До настоящего времени нет единого мнения о первопричине метаболических нарушений в патогенезе метаболического синдрома. Возможно, что наследственная предрасположенность, неадекватный пищевой режим в сочетании с низкой физической активностью определяет развитие ожирения и тканевой инсулинорезистентности и, как следствие этого, компенсаторной гиперинсулинемии. Гиперинсулинемия снижает чувствительность тканей к гормону, вследствие чего поступающие с пищей глюкоза и липиды интенсивно депонируются жировой тканью. А это в еще большей степени провоцирует инсулинорезистентность. Кроме того, гиперинсулинемия подавляет катаболизм тригдицеридов, что способствует прогрессированию ожирения. Таким образом, образуется порочный круг. В конечном счете, постоянная гиперинсулинемия истощает секреторный аппарат бета-клеток поджелудочной железы, что приводит к нарушению толерантности к глюкозе.
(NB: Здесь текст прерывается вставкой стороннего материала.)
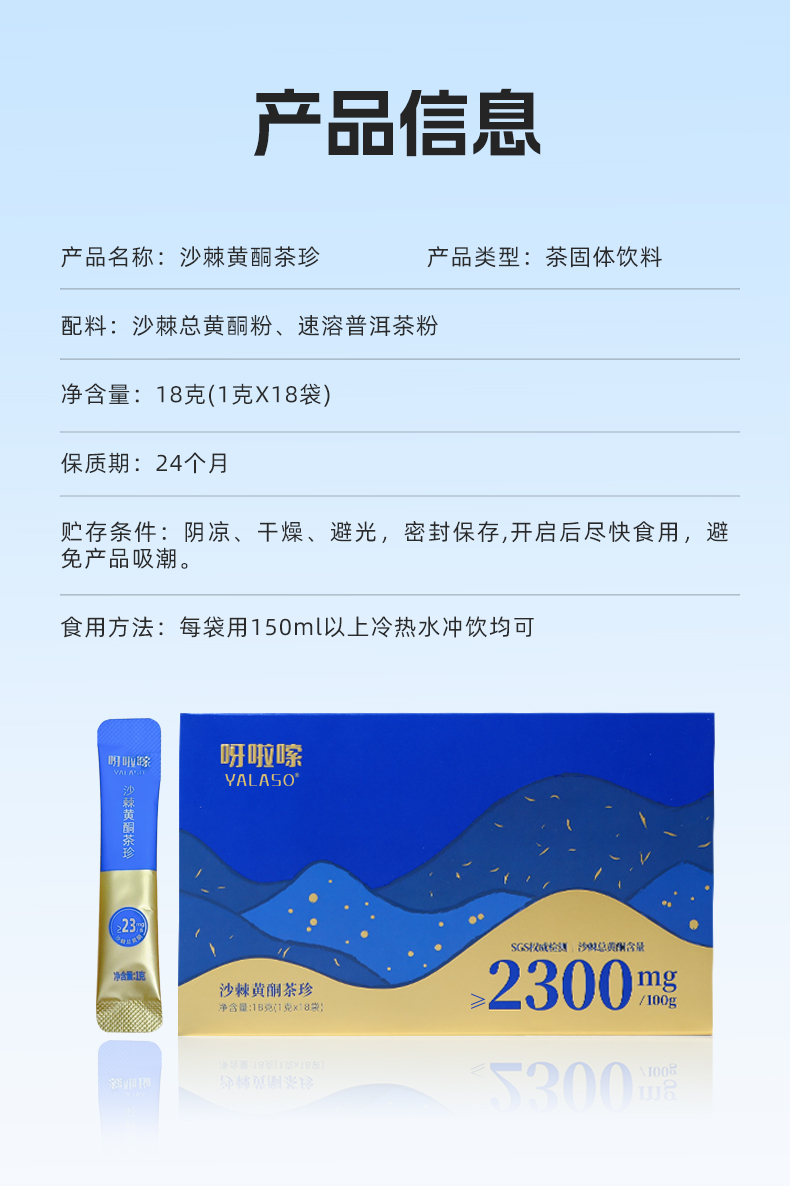 【呀啦嗦-上饮 沙棘黄酮茶珍】沙棘黄酮茶珍是将沙棘叶提取物在浸提阶段采用了萃取液逆向流动的特殊工艺,使得萃取效率大大提升,有效成分溶出率相比普通的泡茶煮茶等浸出率更高!!!相较于直接饮用沙棘芽茶,沙棘黄酮茶珍因提取及浓缩等工艺,能获得分子量更小,含量更高的活性成分。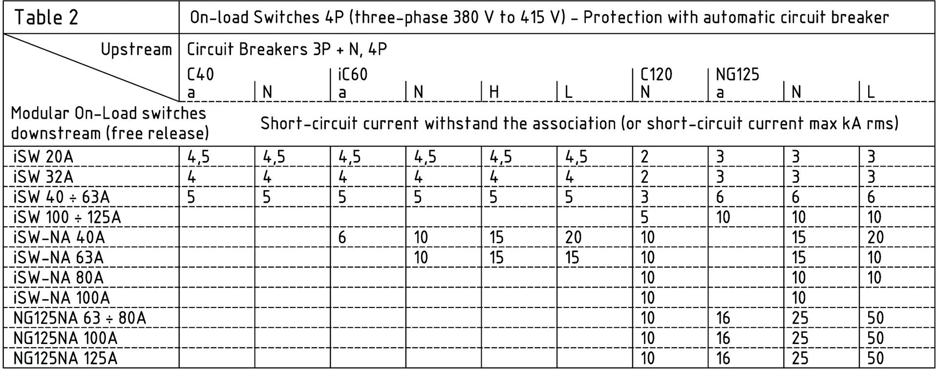 Another parameter to be checked is that the on-load isolator switch is appropriate for a thermal resistance to short circuit (Inc) greater than or equal to the short circuit current required by the customer and/or to the short-circuit current of  upstream thermo-magnetic circuit breaker.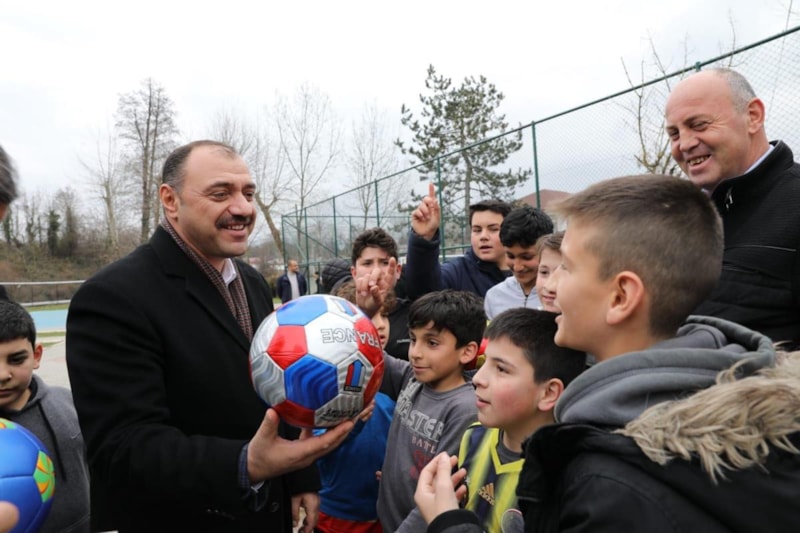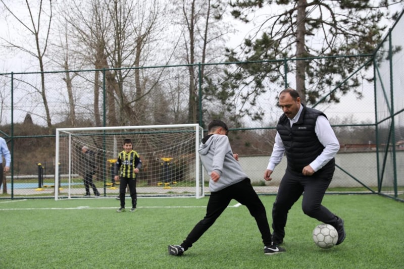 Vali Kaldırım, ziyaret sırasında muhtarlık binası yanındaki halı sahada çocukların futbol oynadığını gördü.

Впрочем, существует и другая гипотеза, которая предполагает, что первично ожирение и его центральный тип является причиной инсулинорезистентности, гиперинсулинемии и других метаболических нарушений. При этом адипоциты висцеральной жировой ткани секретируют свободные жирные кислоты непосредственно в воротную вену печени. Их высокие концентрации подавляют поглощение инсулина печенью, что приводит к гиперинсулинемии и относительной инсулинорезистентности.

Независимо от того, каковы основные этиопатогенетические механизмы возникновения и развития метаболического синдрома, необходима разработка методов эффективного его лечения. К сожалению, несмотря на то, что всеми признается главная роль в патогенезе метаболического синдрома инсулиновой резистентности, лекарственных препаратов, обладающих в этом плане качеством «золотой пули» Пауля Эрлиха еще не найдено. При этом, в основном, применяются лекарственные препараты, избирательно воздействующие на те или иные патологические проявления заболевания - дислипидемию, артериальную гипертонию, нарушение глюкозной толерантности, хотя эпизодически появляются сведения о том, что найдено средство, в частности, метформин (Никула Т.Д. с соавт., 2000), которое улучшает чувствительность организма к инсулину. Однако, побочные эффекты фармацевтических препаратов по-прежнему являются составной частью медикаментозной терапии, да и стоимость современных препаратов зачастую неоправданно велика.

С другой стороны, известно, что оптимизация обмена веществ, применение факторов, способных оказать стимулирующее влияние на эндокринную регуляцию метаболических реакций, может иметь (и имеет) лечебное действие при различных заболеваниях. Так, воздействие на обмен глюкозы введением инсулина применяется не только при сахарном диабете, но и язвенной болезни (Бурчинский Р.Г. с соавт., 1976), а также в лечении постинфарктных состояниях (Оганов Р.Г., Алиев Т.А., 1983). Выявлено, что факторы, оказывающие стимулирующее влияние на гормональное обеспечение обменных процессов (природные факторы - минеральные воды, гипоксия, лечебные грязи, классическая акупунктура и т.п.), также обладают похожим неспецифическим лечебным эффектом (Фролков В.К. с соавт., 1997-2007; Радзиевский С.А., 1987-1991).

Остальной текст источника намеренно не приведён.